Dominion also asserts that CCAM has shown no connection between the LAA at issue and the Sandia study it cites because the study in question pertains to beyond-design-basis spent fuel pool events and does not address design basis fuel handling events such as are addressed in its LAA, and argues that CCAM has not made any specific, affirmative demonstration of environmental impacts from the proposal that would warrant preparation of an environmental assessment (EA) or environmental impact statement (EIS) and thus meet the categorical exclusion criteria of 10 C.F.R. § 51.22(c)(9). Dominion Answer at 13-19. Finally, Dominion argues that CCAM is in effect impermissibly challenging postulated releases or accident doses that are within NRC regulatory limits in its assertions that the proposed changes involved in the LAA would adversely affect the public health and safety. Id. at 19-20.

NRC Staff Answer The Staff asserts among other things that CCAM does not allege that the requested license amendment if granted would result in any violation of an NRC regulation or that CCAMs concern is not covered by an NRC regulation, nor does CCAM dispute Dominions statement that the proposed license amendment will comply with § 50.67. Staff Answer at 6. In addition, the Staff argues that CCAM has not pointed to any particular part of the LAA that supports its

15 position, or to any part of the Sandia report, nor does it offer any explanation of how the report is relevant or cite any part of it as supporting its argument. Id. at 7-8.
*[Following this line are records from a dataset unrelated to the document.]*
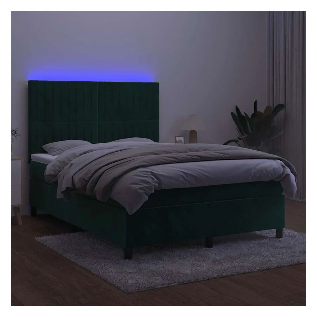 Utilisez ce sommier tapissier avec matelas et LED pour profiter d'un sommeil réparateur ! C'est le point central de votre chambre à coucher. Velours doux : le velours est un tissu doux et luxueux qui se reconnaît à son tas dense de fibres uniformément coupées qui ont une touche lisse. Le tissu en velours présente un toucher doux distinctif, ce qui le rend confortable au toucher.Tête de lit pratique : la tête de lit est réglable en hauteur selon vos préférences. La tête de lit vous offre un excellent soutien du dos lorsque vous êtes assis dans votre lit pour lire ou regarder la télévision.Bande LED colorée : apportez de l'éclairage dans l'obscurité avec des lumières LED colorées !Matelas à ressorts ensachés : le ressort ensaché individuel intégré est connu pour sa très haute qualité tout en assurant un haut niveau de durabilité et d'adaptabilité. Il peut absorber efficacement le bruit et les chocs causés par les sauts et les rotations.Protège-matelas doux pour la peau : le protège-matelas est recouvert d'un tissu résistant et doux pour la peau, ce qui le rend souple et confortable. Remarque :Pour des raisons d'hygiène, le matelas ne peut pas être retourné si l'emballage est retiré ou ouvert.Seule la partie avec un symbole de ciseaux peut être coupée et seule la partie avec l'USB continuera à fonctionner comme avant.Chaque produit est livré avec un manuel de montage dans la boîte pour un montage facile.Ce produit est doté d'un connecteur USB, mais la source d'alimentation certifiée de USB 5V n'est pas incluse.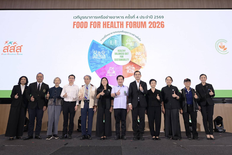 วันที่ 2 เม.ย. 2569 ที่ห้องไดมอนด์ บอลรูม โรงแรมแกรนด์ ริชมอนด์ จังหวัดนนทบุรี สำนักงานกองทุนสนับสนุนการสร้างเสริมสุขภาพ (สสส.) ร่วมกับภาคีเครือข่ายด้านอาหารเพื่อสุขภาวะ จัดงาน “เวทีบูรณาการเครือข่ายอาหาร ครั้งที่ 4 ประจำปี 2569” หรือ Food for Health Forum 2026 ภายใต้แนวคิด “การบริโภคอาหารสมดุลเพื่อสุขภาวะอย่างยั่งยืน” ระหว่างวันที่ 1-2 เม.ย. 2569 เพื่อเป็นเวทีกลางในการแลกเปลี่ยนเรียนรู้สถานการณ์ด้านอาหาร รูปแบบการขับเคลื่อนระบบอาหารตลอดห่วงโซ่ และข้อเสนอแนะเชิงนโยบายสู่การบริโภคอาหารอย่างสมดุลเพื่อสุขภาวะ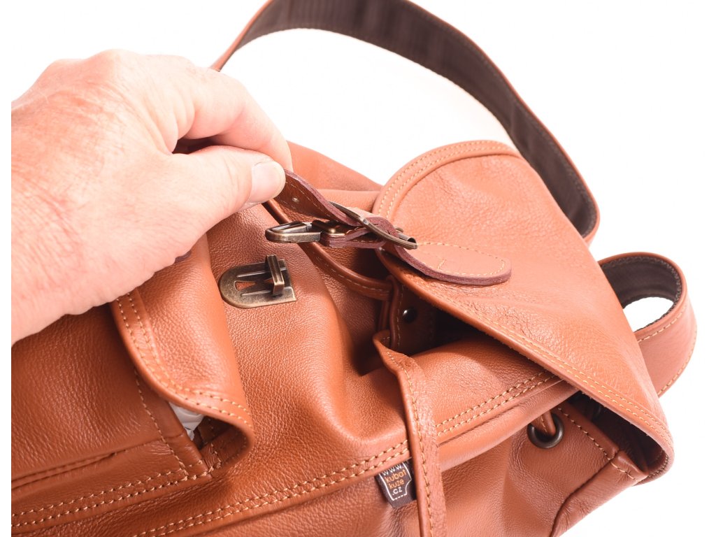 Tři praktické kapsy uzavíratelné klasickými přezkami, vnitřní zipová kapsa, vyztužená záda a nastavitelná délka popruhů. Horní ouško pro zavěšení a bavlněná podšívka pro větší komfort. Batoh pojme dokumenty formátu A4 (s omezením), váží jen 800 gramů a zvládne nosnost až 3 kg – ideální poměr mezi funkčností a lehkostí.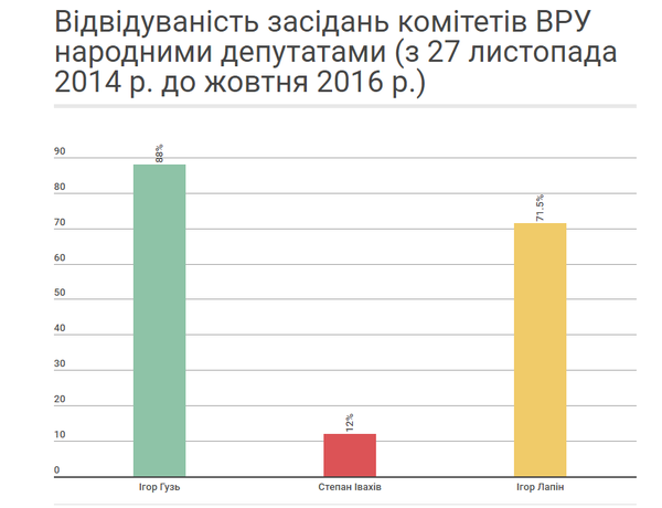 Найвищий показник відвідуваності засідань свого комітету у результаті аналізу виявився у Ігоря Гузя. 88% засідань відвідав нардеп. Дещо нижчий відсоток відвідуваності засідань комітету у Ігоря Лапіна – 71,5%. На противагу своїм колегам-депутатам, Степан Івахів не часто відвідує свій комітет. Показник присутності нардепа на засіданнях комітету становить лише 12%.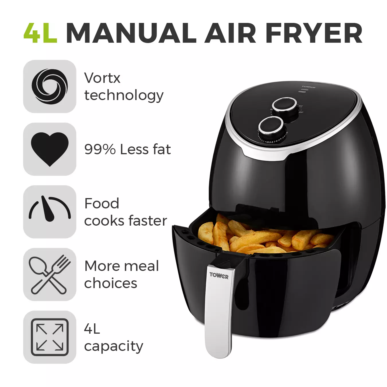 Vortx 4L Manual Air Fryer Air Fryers Tower Housewares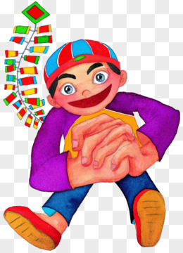 插画新年装饰通用素材小朋友点烟花免抠元素

With regard to CCAMs reference to such additional sources and documents as are a matter of public record and as may be disclosed in discovery in these proceedings, the Staff suggests that this runs counter to the Commissions interpretation of § 2.714(b) as preclud[ing]
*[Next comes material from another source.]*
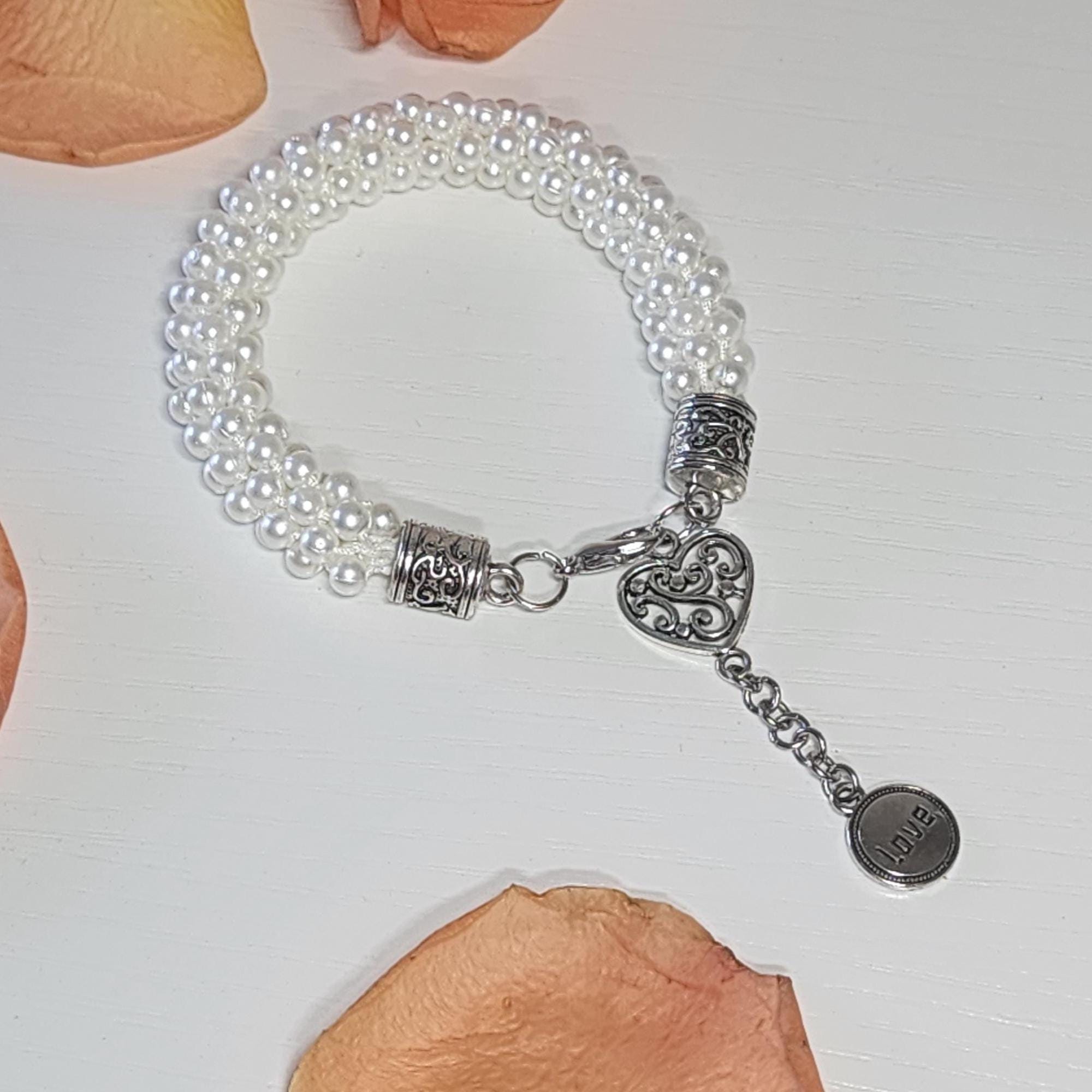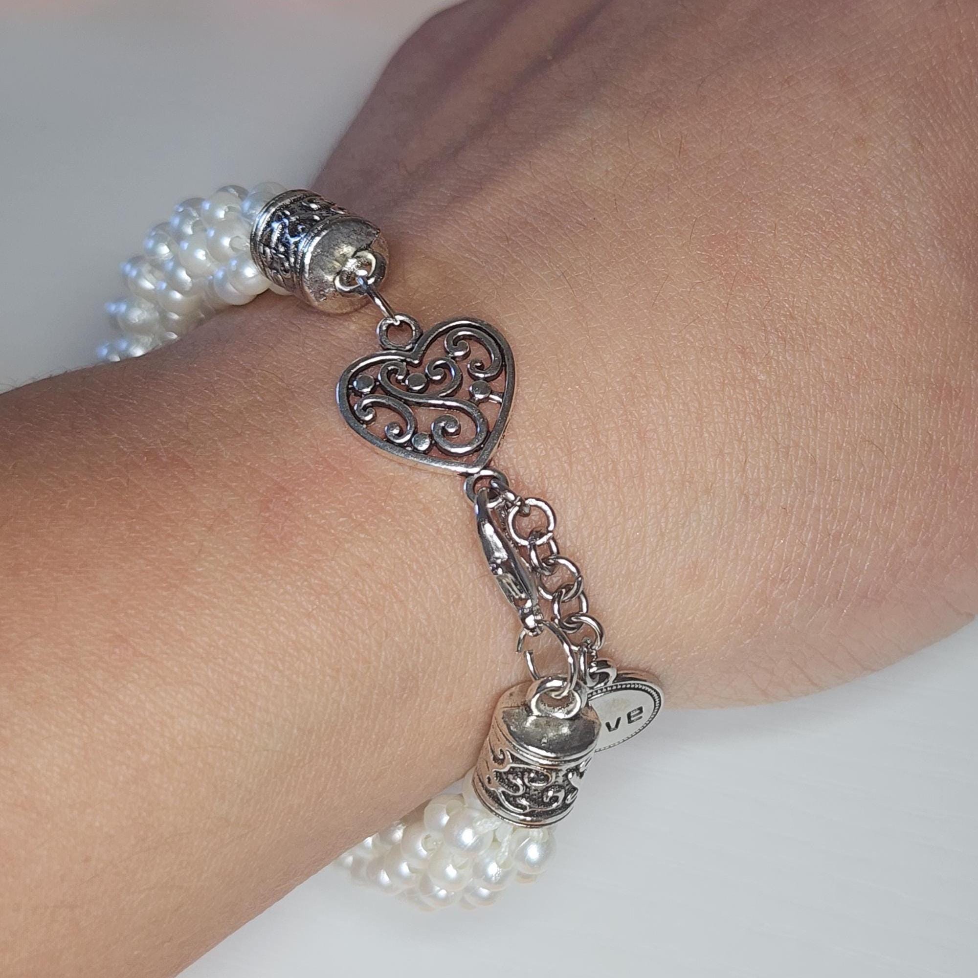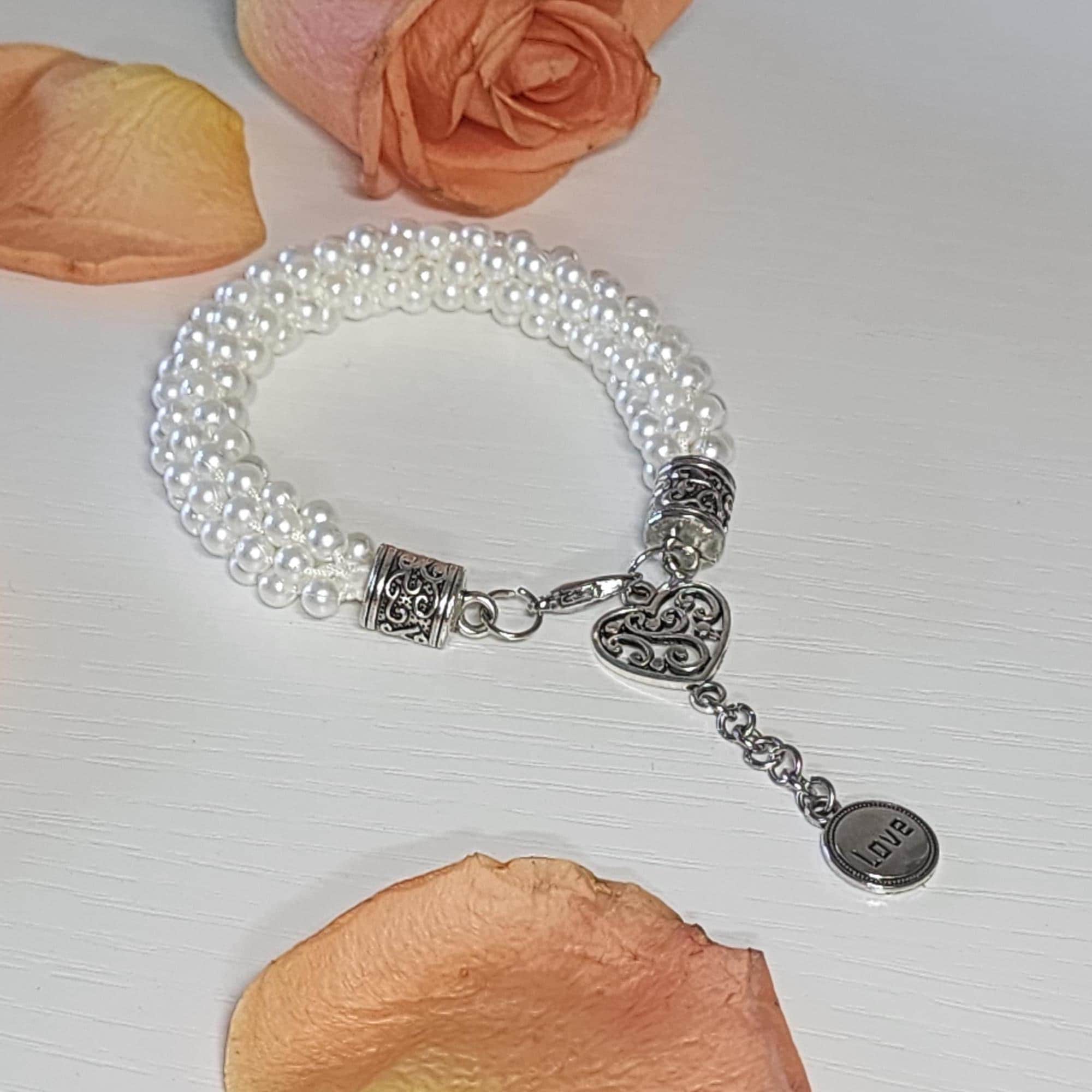 Searching for a special accessory that adds a touch of elegance to any look? This woven faux pearl bracelet is just what you need to elevate your style. Handcrafted with over 272 pearls and detailed silver accents, it’s the perfect way to express your love — whether you’re treating yourself or surprising someone special.

a contention from being admitted where an intervenor has no facts to support its position and where the intervenor contemplates using discovery or cross-examination as a fishing expedition which might produce relevant facts. Id. at 8-9 (citing Duke Energy Corp. (Oconee Nuclear Station, Units 1, 2, and 3), CLI-99-11, 49 NRC 328, 335 (1999); Duke Energy Corp. (McGuire Nuclear Station, Units 1 and 2, Catawba Nuclear Station Units 1 and 2), CLI-02-28, 56 NRC 373, 387 (2002); and Final Rule, Rules of Practice for Domestic Licensing Proceedings Procedural Changes in the Hearing Process, 54 Fed. Reg. 33,168, 33,171 (August 11, 1989)).

Finally, the Staff argues, Petitioner CCAM has not demonstrated the existence of a genuine dispute on a material issue of fact or law, by virtue of its failure to provide any factual or scientific information, expert opinion, or supporting documents that produce some doubt about the adequacy of a specified portion of the applicants documents personal opinion and mere speculation not being sufficient to demonstrate such a genuine dispute. Id. at 9 (citing Florida Power and Light Co. (Turkey Point Nuclear Generating Plant, Units 3 and 4), LBP 16, 31 NRC 509, 521 (1990); Yankee Atomic Electric Co. (Yankee Nuclear Power Station), CLI-96-7, 43 NRC 235, 267 (1996); Georgia Institute of Technology (Georgia Tech Research Reactor, Atlanta, Ga.), LBP-95-6, 41 NRC 281, 304, vacated in part and remanded on other grounds, CLI-95-10, 42 NRC 1, affd in part, CLI-95-12, 42 NRC 111 (1995)).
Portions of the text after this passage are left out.